*** Extracted data ***
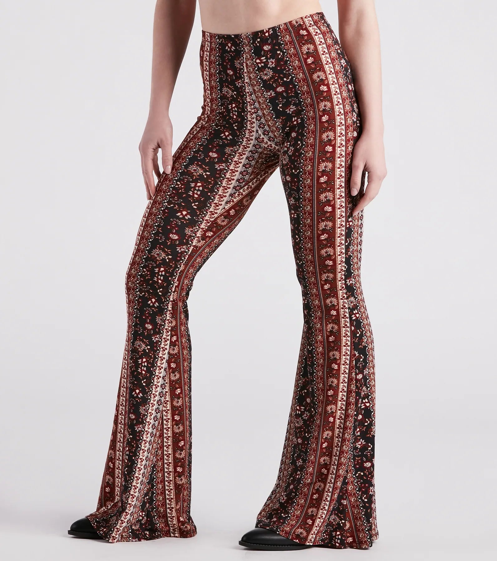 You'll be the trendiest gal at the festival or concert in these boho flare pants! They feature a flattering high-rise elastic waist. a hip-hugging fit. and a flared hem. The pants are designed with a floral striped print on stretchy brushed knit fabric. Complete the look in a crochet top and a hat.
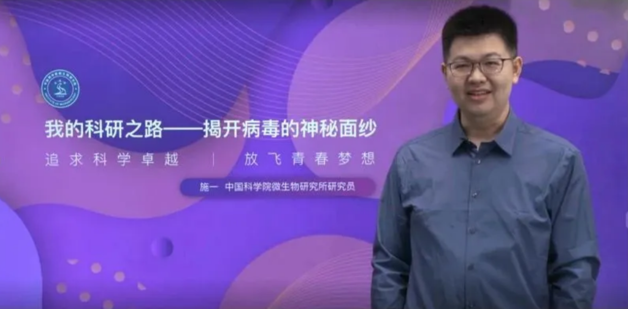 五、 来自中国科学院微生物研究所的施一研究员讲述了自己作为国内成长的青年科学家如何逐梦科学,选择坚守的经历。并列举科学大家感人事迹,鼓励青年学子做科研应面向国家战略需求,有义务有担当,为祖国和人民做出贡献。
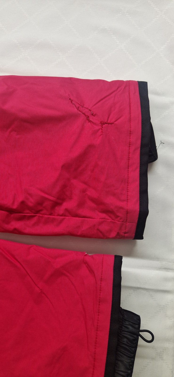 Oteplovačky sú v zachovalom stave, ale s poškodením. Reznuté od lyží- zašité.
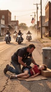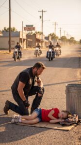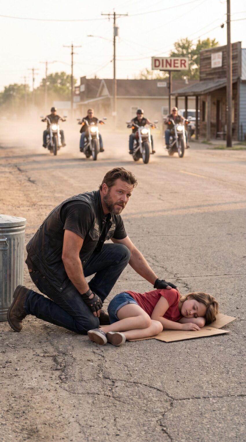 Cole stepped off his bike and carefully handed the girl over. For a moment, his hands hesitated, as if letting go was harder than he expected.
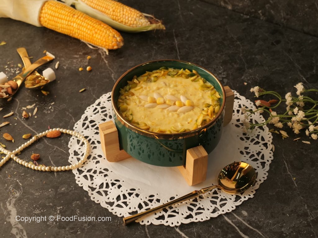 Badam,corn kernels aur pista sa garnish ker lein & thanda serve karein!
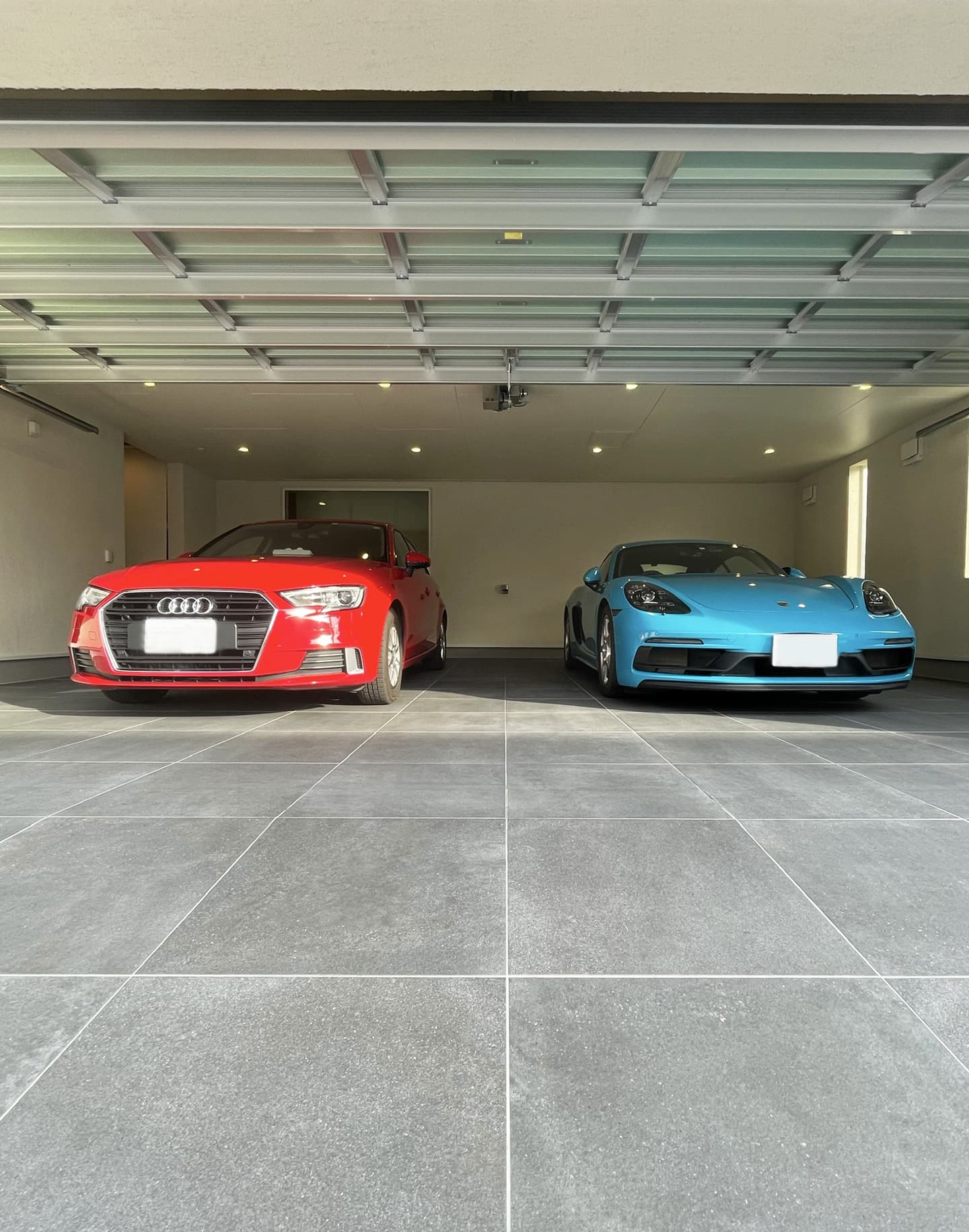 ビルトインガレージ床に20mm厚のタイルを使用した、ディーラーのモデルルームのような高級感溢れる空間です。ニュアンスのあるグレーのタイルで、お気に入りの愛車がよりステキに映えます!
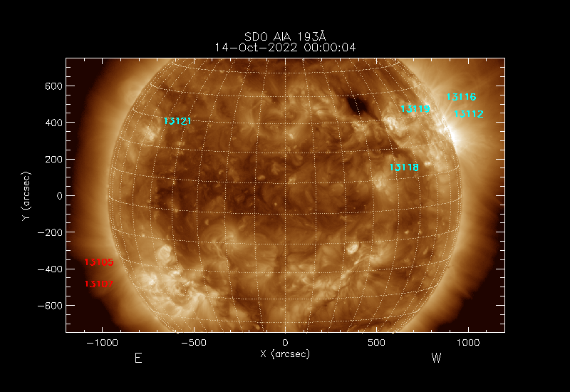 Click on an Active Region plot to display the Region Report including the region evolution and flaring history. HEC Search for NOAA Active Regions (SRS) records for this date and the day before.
*** End of Extracted data ***
*** Extracted data ***
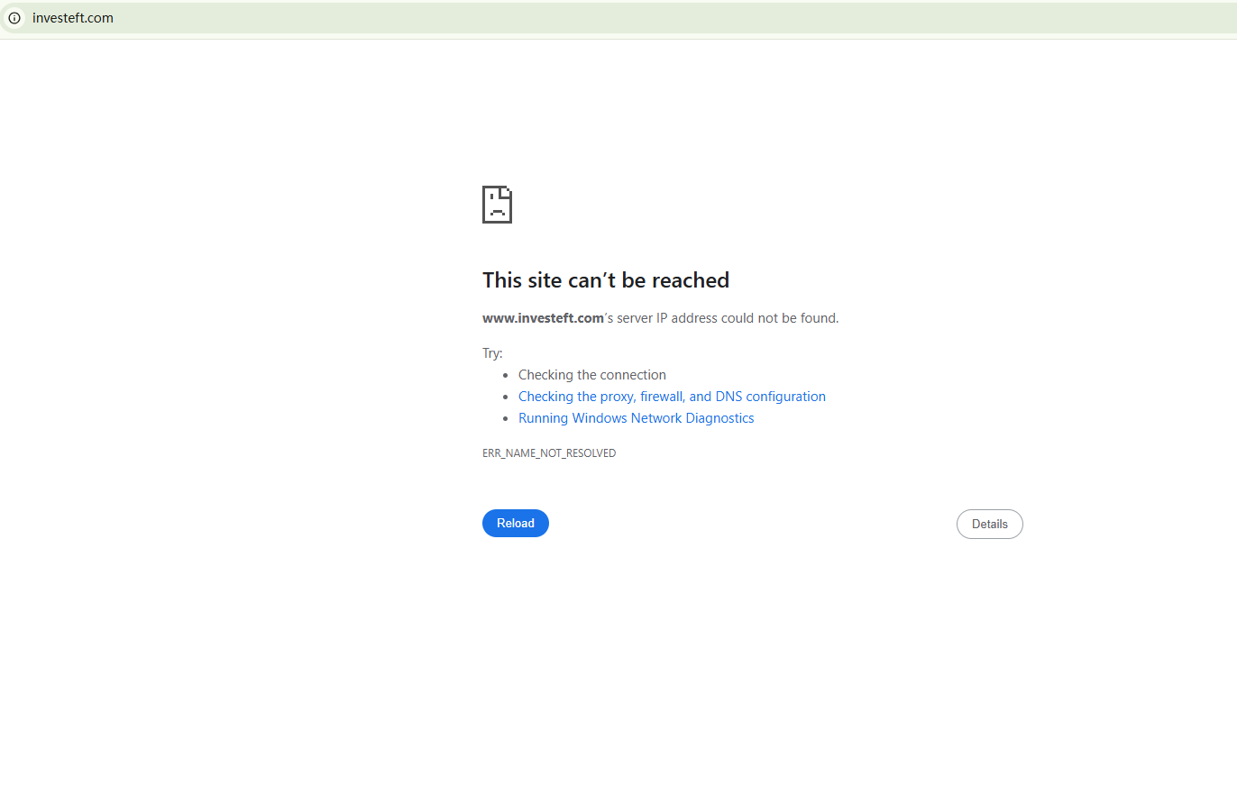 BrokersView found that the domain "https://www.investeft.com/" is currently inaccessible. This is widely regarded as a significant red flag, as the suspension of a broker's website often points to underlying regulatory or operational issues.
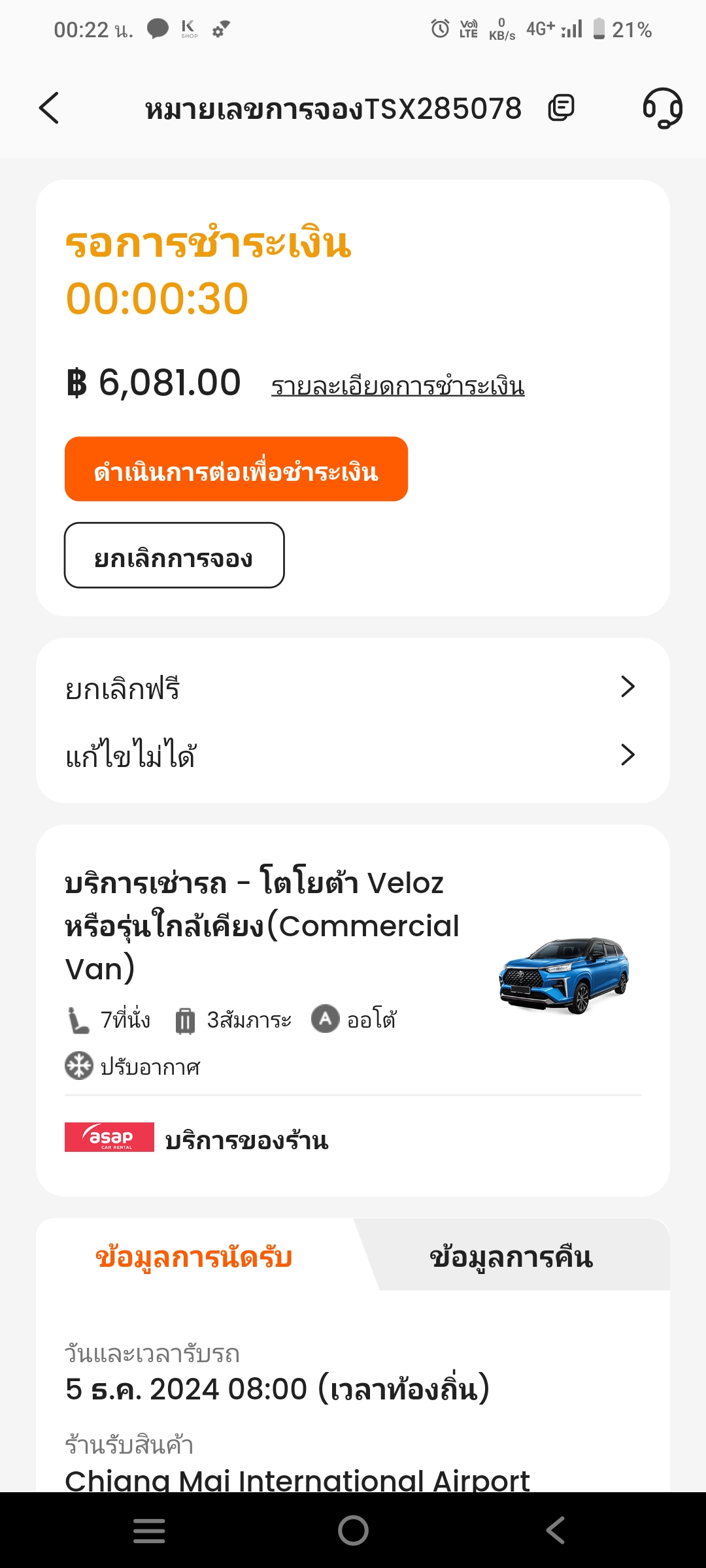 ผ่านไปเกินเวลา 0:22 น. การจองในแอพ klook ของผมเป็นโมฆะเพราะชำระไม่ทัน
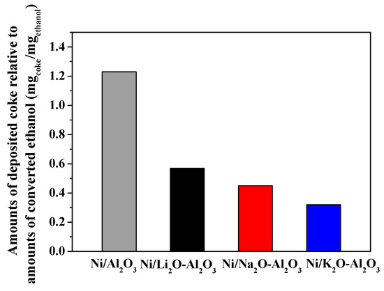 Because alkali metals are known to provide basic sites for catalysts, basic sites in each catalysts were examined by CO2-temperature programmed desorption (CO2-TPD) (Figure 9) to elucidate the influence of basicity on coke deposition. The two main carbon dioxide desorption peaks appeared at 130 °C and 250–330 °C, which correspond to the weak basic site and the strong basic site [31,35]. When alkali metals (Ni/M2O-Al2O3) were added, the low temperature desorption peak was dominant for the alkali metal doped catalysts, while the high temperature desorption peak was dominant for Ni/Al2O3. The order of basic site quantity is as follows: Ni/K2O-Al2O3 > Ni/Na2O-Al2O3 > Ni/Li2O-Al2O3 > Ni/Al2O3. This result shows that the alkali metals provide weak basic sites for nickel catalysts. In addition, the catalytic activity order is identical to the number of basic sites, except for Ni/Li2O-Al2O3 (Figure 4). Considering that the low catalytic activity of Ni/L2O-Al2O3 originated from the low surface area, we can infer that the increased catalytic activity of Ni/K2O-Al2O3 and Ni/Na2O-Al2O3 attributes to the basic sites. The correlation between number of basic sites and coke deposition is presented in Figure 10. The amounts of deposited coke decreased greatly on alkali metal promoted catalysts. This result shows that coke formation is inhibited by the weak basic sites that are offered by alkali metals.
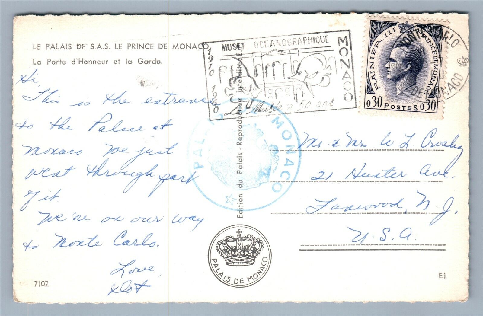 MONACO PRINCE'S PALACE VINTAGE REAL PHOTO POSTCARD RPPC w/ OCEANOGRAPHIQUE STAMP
*** End of Extracted data ***
*** Extracted data ***
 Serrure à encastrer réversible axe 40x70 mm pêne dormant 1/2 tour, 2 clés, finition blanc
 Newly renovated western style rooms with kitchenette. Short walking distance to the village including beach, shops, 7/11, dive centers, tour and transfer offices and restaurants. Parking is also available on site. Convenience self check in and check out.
*** End of Extracted data ***
What the task requires. Go through the entries above and copy every line containing "tour".

Written reply.
 Serrure à encastrer réversible axe 40x70 mm pêne dormant 1/2 tour, 2 clés, finition blanc
 Newly renovated western style rooms with kitchenette. Short walking distance to the village including beach, shops, 7/11, dive centers, tour and transfer offices and restaurants. Parking is also available on site. Convenience self check in and check out.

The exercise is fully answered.